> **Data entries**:
※ ※ ※

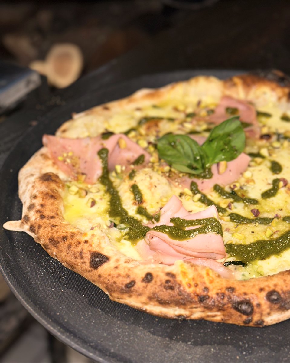 Yo probé la Mortadela con Pistacho que estaba mortal. De base le meten una mezcla de muzza con queso crema y lleva parmesano, pistachos posta (hermoso crunch) y la termina con un pesto de rúcula, albahaca, perejil, nuez y oliva.
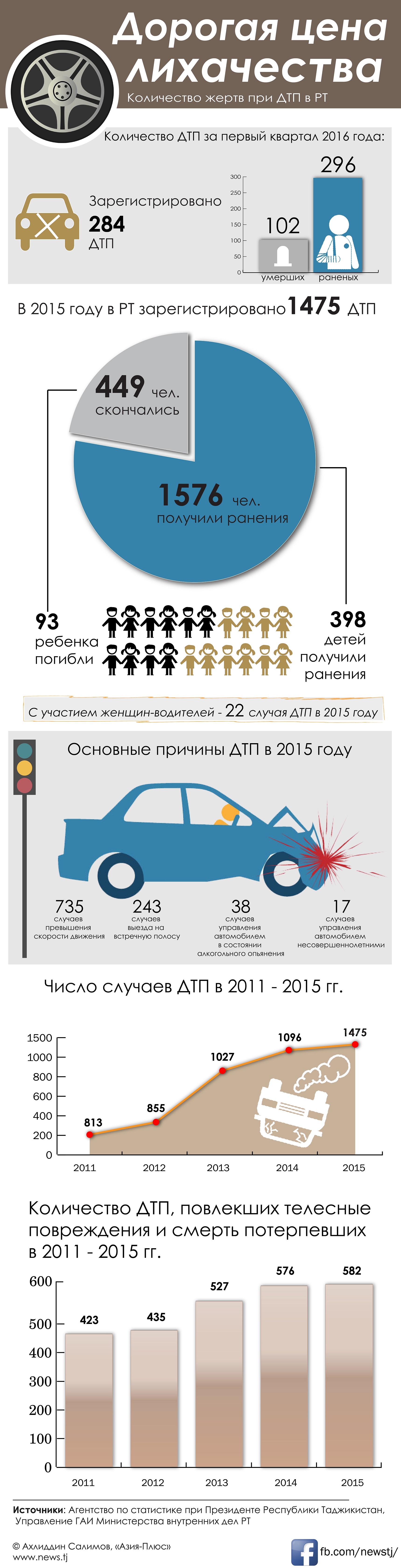 В 2015 году на дорогах Таджикистана погибли 449 человек. Страшные аварии унесли жизни 93 детей. Еще свыше полутора тысяч человек получили в результате ДТП различные ранения. Подробная статистика по ДТП в стране за последние пять лет в нашей инфографике.
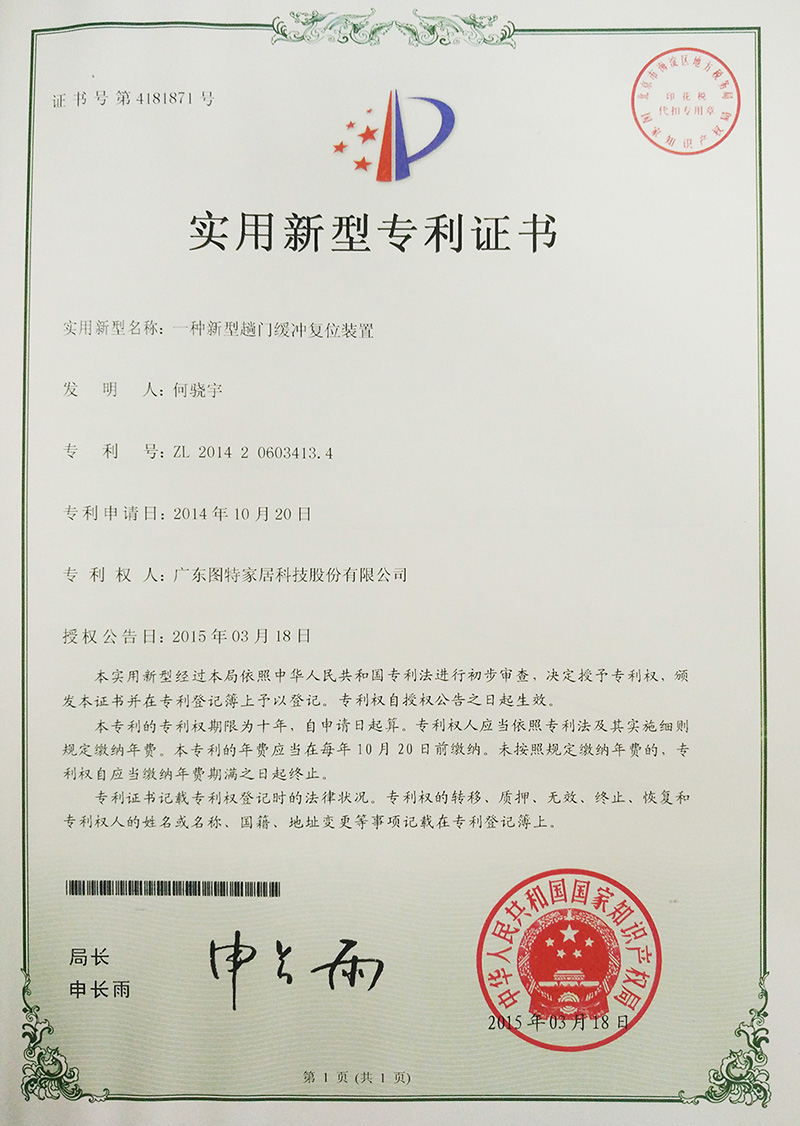 實(shí)用新型專(zhuān)利(一種具有防脫復(fù)位功能的柜門(mén)緩沖器)
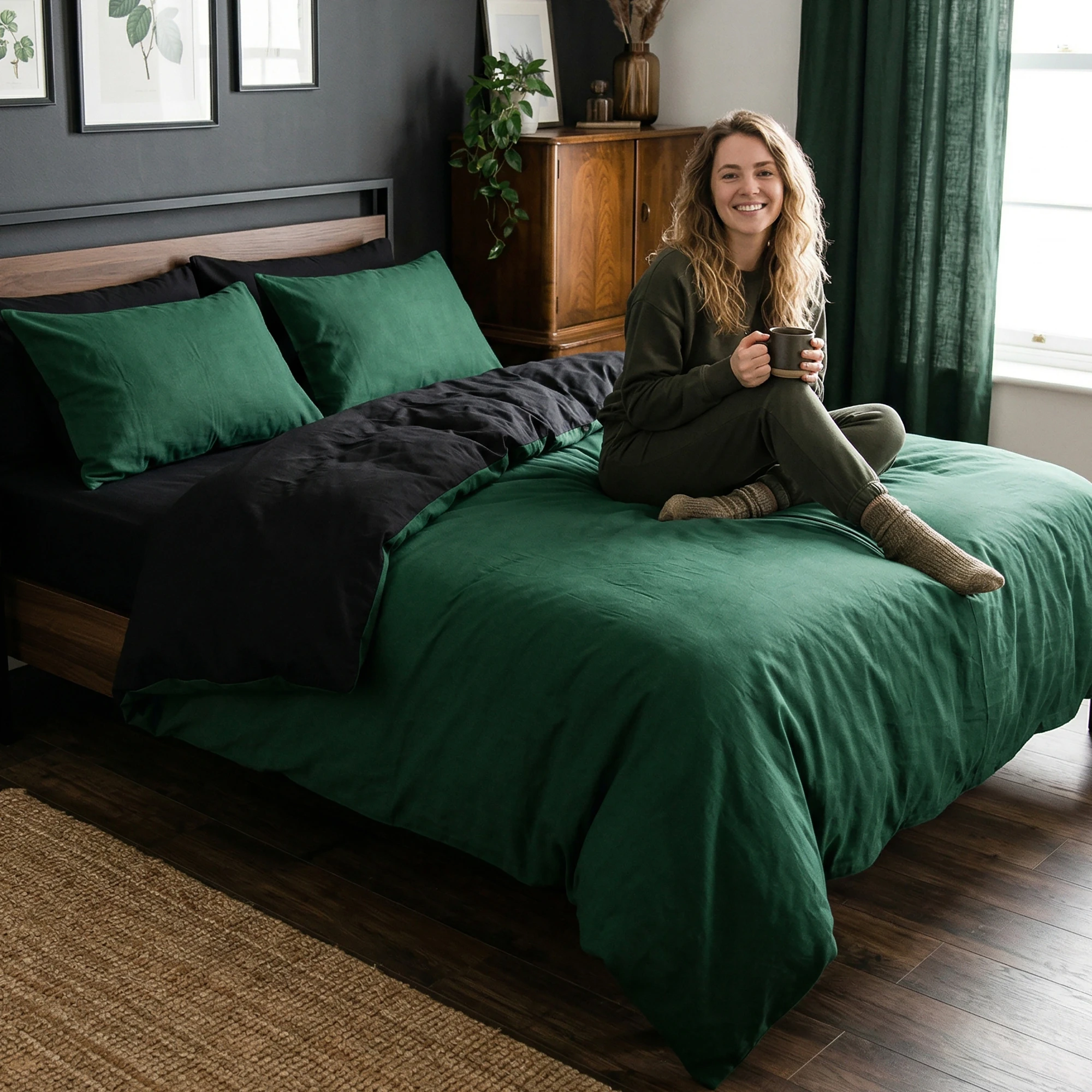 Wprowadź do swojej sypialni powiew minimalistycznego luksusu z naszą najnowszą dwustronną kolekcją "Leśna Noc" 🌲. Ta pościel to mistrzowskie połączenie dwóch najmodniejszych odcieni: nasyconej, głębokiej butelkowej zieleni oraz klasycznej, matowej czerni 🖤. Wykonana z najwyższej jakości bawełny premium, zachwyca jedwabistą gładkością i miękkością, co doskonale oddają nasze zdjęcia. Wybierz tę nowoczesną i wyrafinowaną propozycję od marki J&W, by stworzyć w swojej sypialni prawdziwą oazę spokoju i stylu 🌙. Luksusowa, dwustronna pościel J&W to także doskonały pomysł na gustowny prezent na parapetówkę, ślub lub rocznicę 🎁.
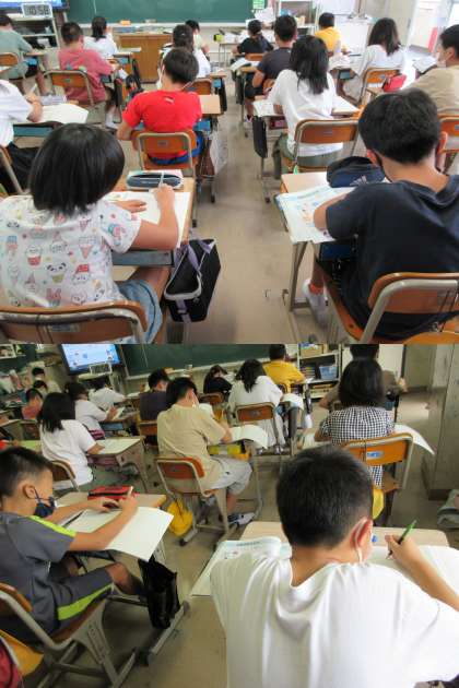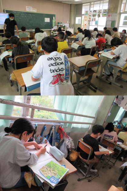 9月9日(金)5年生 公開日 2022/09/09 更新日 2022/09/09 5年 理科の授業では「花粉のはたらき」について学習しています。 今日は,受粉しなければ実はできないのか,についての予想を立てました。 写真は1組です。

※ ※ ※

> **To do**: Are you able to set down all the lines above exactly, without any pictures?

> **Written reply**:
 Yo probé la Mortadela con Pistacho que estaba mortal. De base le meten una mezcla de muzza con queso crema y lleva parmesano, pistachos posta (hermoso crunch) y la termina con un pesto de rúcula, albahaca, perejil, nuez y oliva.
 В 2015 году на дорогах Таджикистана погибли 449 человек. Страшные аварии унесли жизни 93 детей. Еще свыше полутора тысяч человек получили в результате ДТП различные ранения. Подробная статистика по ДТП в стране за последние пять лет в нашей инфографике.
 實(shí)用新型專(zhuān)利(一種具有防脫復(fù)位功能的柜門(mén)緩沖器)
 Wprowadź do swojej sypialni powiew minimalistycznego luksusu z naszą najnowszą dwustronną kolekcją "Leśna Noc" 🌲. Ta pościel to mistrzowskie połączenie dwóch najmodniejszych odcieni: nasyconej, głębokiej butelkowej zieleni oraz klasycznej, matowej czerni 🖤. Wykonana z najwyższej jakości bawełny premium, zachwyca jedwabistą gładkością i miękkością, co doskonale oddają nasze zdjęcia. Wybierz tę nowoczesną i wyrafinowaną propozycję od marki J&W, by stworzyć w swojej sypialni prawdziwą oazę spokoju i stylu 🌙. Luksusowa, dwustronna pościel J&W to także doskonały pomysł na gustowny prezent na parapetówkę, ślub lub rocznicę 🎁.
 9月9日(金)5年生 公開日 2022/09/09 更新日 2022/09/09 5年 理科の授業では「花粉のはたらき」について学習しています。 今日は,受粉しなければ実はできないのか,についての予想を立てました。 写真は1組です。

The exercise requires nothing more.